28 June 2021 to 2 July 2021
Sapienza University in Rome
Europe/Rome timezone

The NIKA2 Sunyaev-Zeldovich Large Program: precise galaxy cluster physics for an accurate cluster-based cosmology

28 Jun 2021, 09:45
30m

Speaker

Laurence Perotto (LPSC - CNRS - Univ. grenoble-Alpes)

Description

Current cosmological studies based on clusters of galaxies are limited by the accuracy with which the mass of these objects can be inferred. The Sunyaev-Zel'dovich (SZ) effect is a direct probe of the thermal pressure of the Intra-Cluster Medium (ICM). When combined with X-ray data, the SZ effect can also provide a valuable measure of the mass of the galaxy clusters under the hydrostatic equilibrium assumption.

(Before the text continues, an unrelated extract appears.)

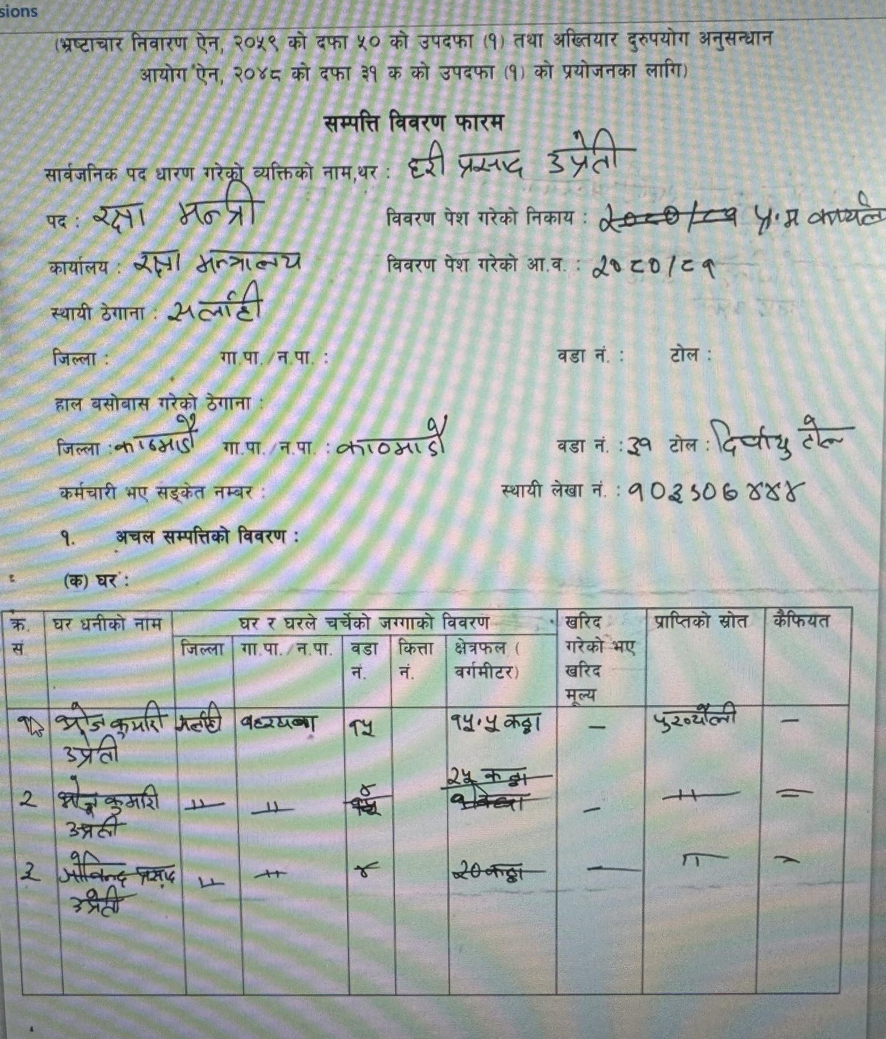 उनले आफैसँग नगद पैसा छ कि छैन भन्नेबारे पनि खुलाएका छैनन् । घर भएको नभएको बारे पनि कुनै खुलाएका छैनन् ।

With an angular resolution comparable to that of the XMM-Newton space observatory, NIKA2 will unveil the pressure distribution of the ICM and will allow the full deployment of combined SZ and X-ray methods to infer the hydrostatic mass.

The Guaranteed-Time SZ Large Program (LP-SZ) is dedicated to the high-angular resolution SZ mapping of a representative sample of 45 galaxy clusters drawn from the SZ-selected catalogues of the Planck satellite, or of the Atacama Cosmology Telescope. The LP-SZ sample spans a mass range from 3 to 11x10^{14} M_{sun} and a redshift range from 0.5 to 0.9, extending to higher redshift and lower mass the previous samples dedicated to the cluster mass calibration and universal properties estimation. The main goals of the LP-SZ are the measurement of the average radial profile of the ICM pressure up to R_500 by combining NIKA2 with Planck or ACT data, and the estimation of the scaling law between the SZ observable and the mass using NIKA2, XMM-Newton and Planck/ACT data. Furthermore, combining LP-SZ data with existing or forthcoming public data in lensing, optical/NIR or radio domains, we will build a consistent picture of the cluster physics and further gain knowledge on the mass estimate as a function of the cluster morphology and dynamical state. In this talk, I will present the LP-SZ, the recent results obtained within this framework, the status of the observation and analysis, and the future implication for cosmology with galaxy clusters.